Source data:
┄┄┄┄┄┄┄┄┄┄

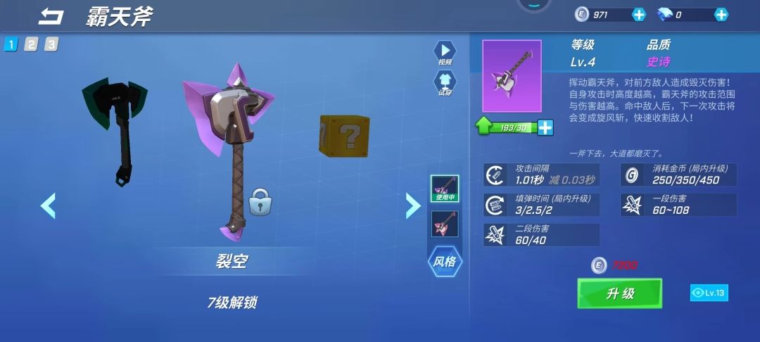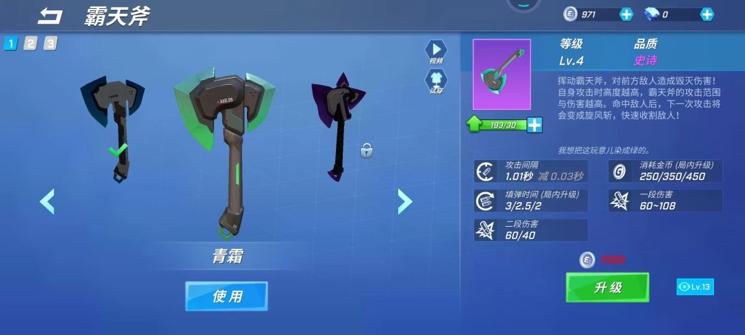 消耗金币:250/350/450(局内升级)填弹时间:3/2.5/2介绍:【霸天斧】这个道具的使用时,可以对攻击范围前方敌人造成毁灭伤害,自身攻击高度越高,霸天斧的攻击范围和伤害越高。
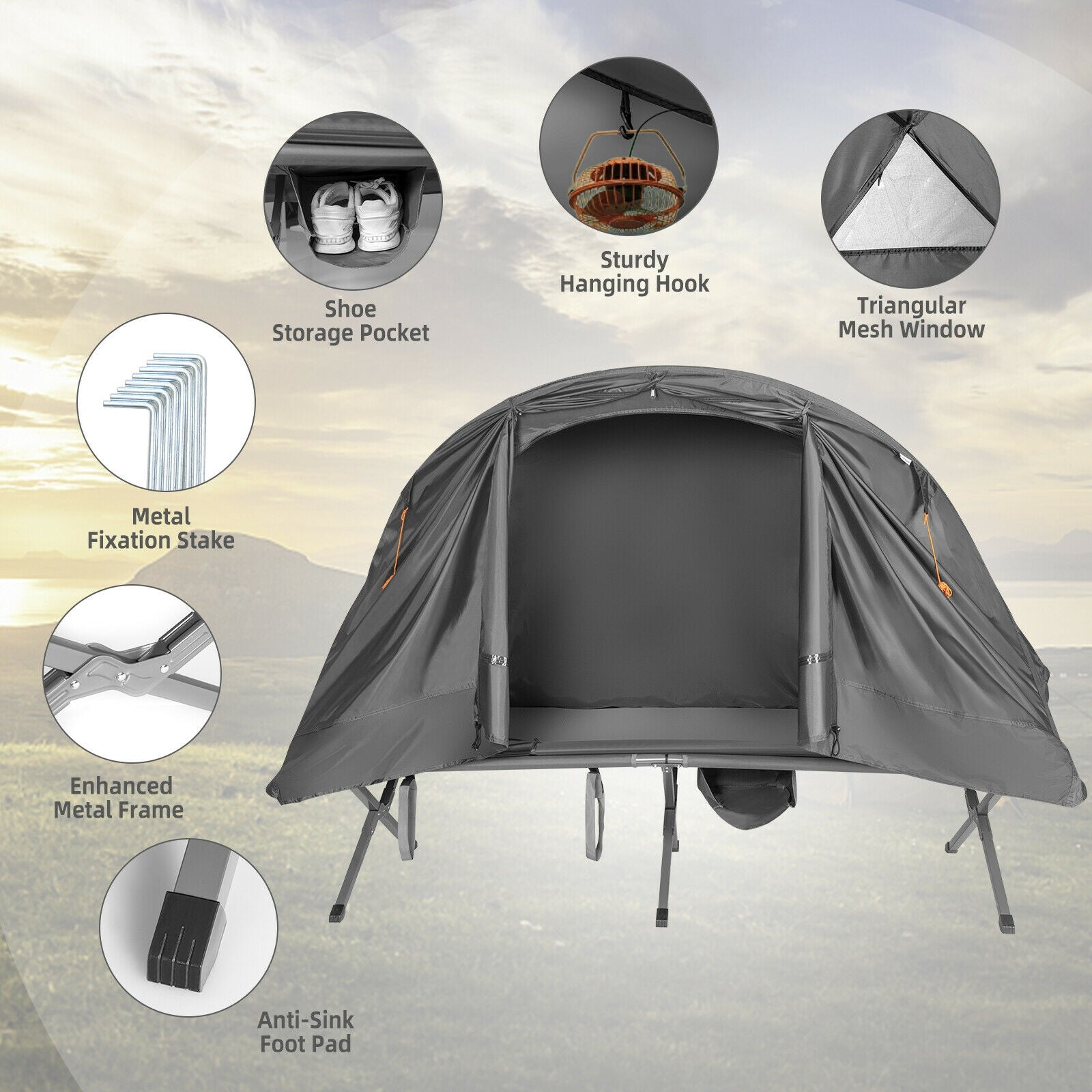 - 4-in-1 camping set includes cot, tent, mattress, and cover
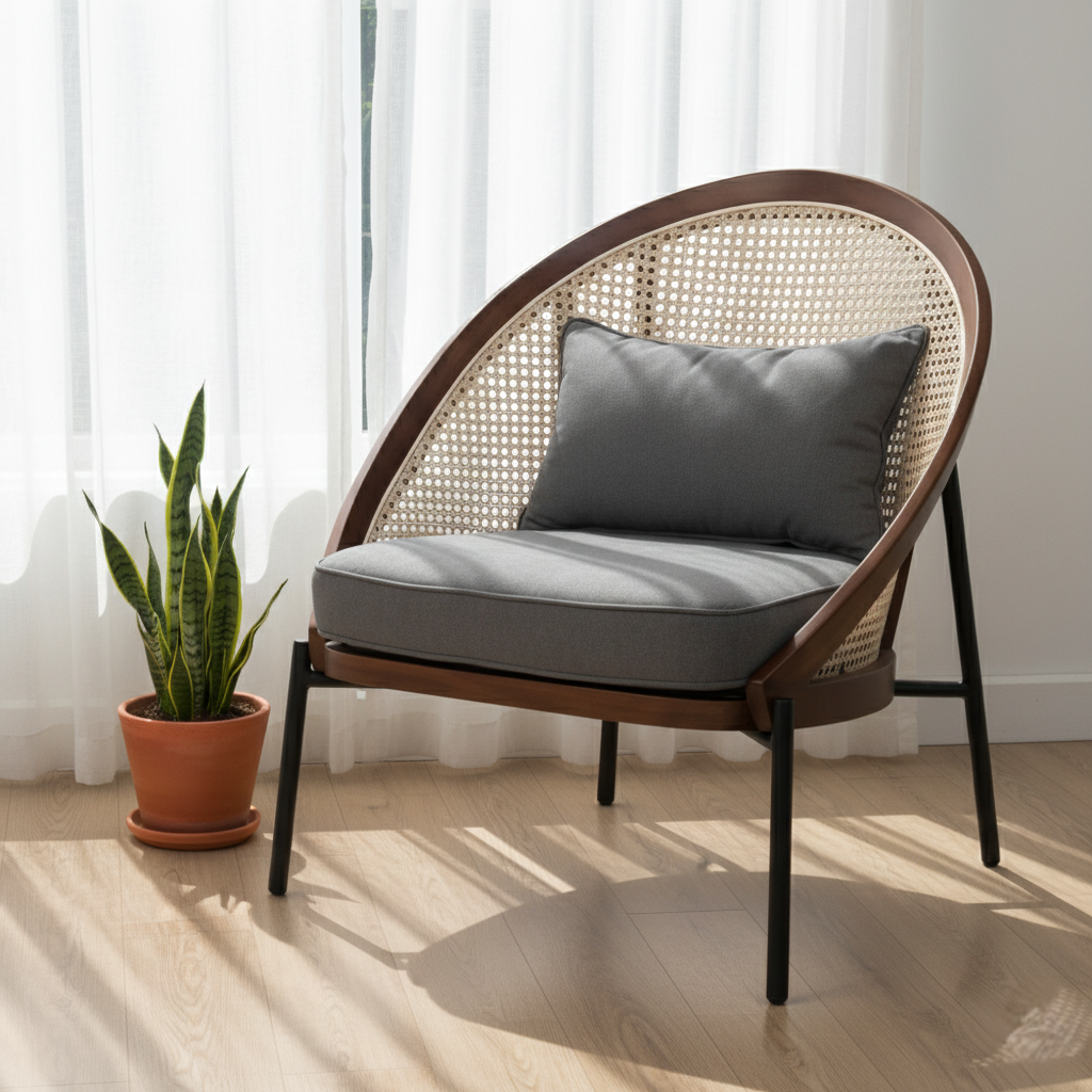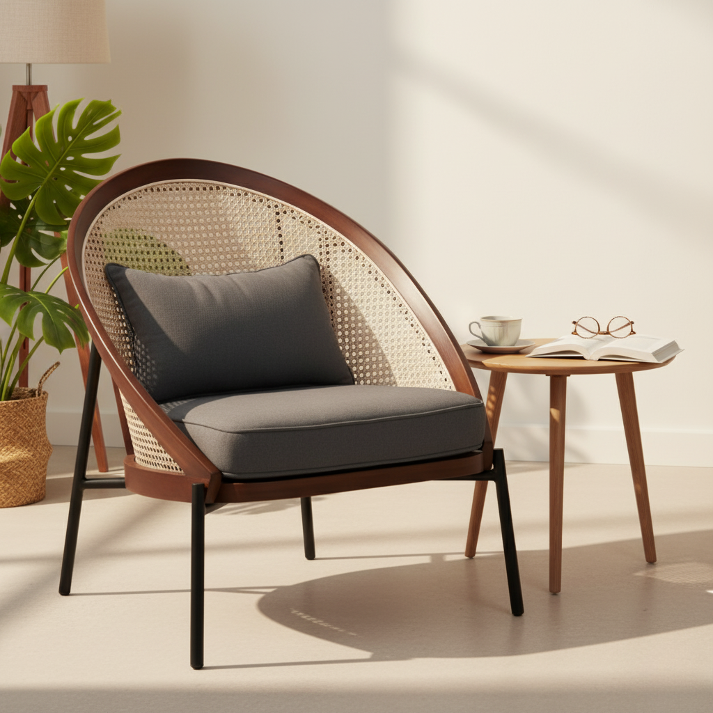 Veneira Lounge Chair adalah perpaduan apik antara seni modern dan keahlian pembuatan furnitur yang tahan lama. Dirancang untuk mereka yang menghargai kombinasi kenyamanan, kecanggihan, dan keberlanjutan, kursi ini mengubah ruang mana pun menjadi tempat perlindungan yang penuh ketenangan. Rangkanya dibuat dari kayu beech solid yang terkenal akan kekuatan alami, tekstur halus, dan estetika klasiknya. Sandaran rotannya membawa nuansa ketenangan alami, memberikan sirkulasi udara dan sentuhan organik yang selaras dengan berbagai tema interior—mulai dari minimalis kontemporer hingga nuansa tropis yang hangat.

┄┄┄┄┄┄┄┄┄┄

Task goal:
Exclude all pictures and return precisely the lines from the one containing "- 4-in-1 camping" through the closing line of the data.

Response area:
 - 4-in-1 camping set includes cot, tent, mattress, and cover
 Veneira Lounge Chair adalah perpaduan apik antara seni modern dan keahlian pembuatan furnitur yang tahan lama. Dirancang untuk mereka yang menghargai kombinasi kenyamanan, kecanggihan, dan keberlanjutan, kursi ini mengubah ruang mana pun menjadi tempat perlindungan yang penuh ketenangan. Rangkanya dibuat dari kayu beech solid yang terkenal akan kekuatan alami, tekstur halus, dan estetika klasiknya. Sandaran rotannya membawa nuansa ketenangan alami, memberikan sirkulasi udara dan sentuhan organik yang selaras dengan berbagai tema interior—mulai dari minimalis kontemporer hingga nuansa tropis yang hangat.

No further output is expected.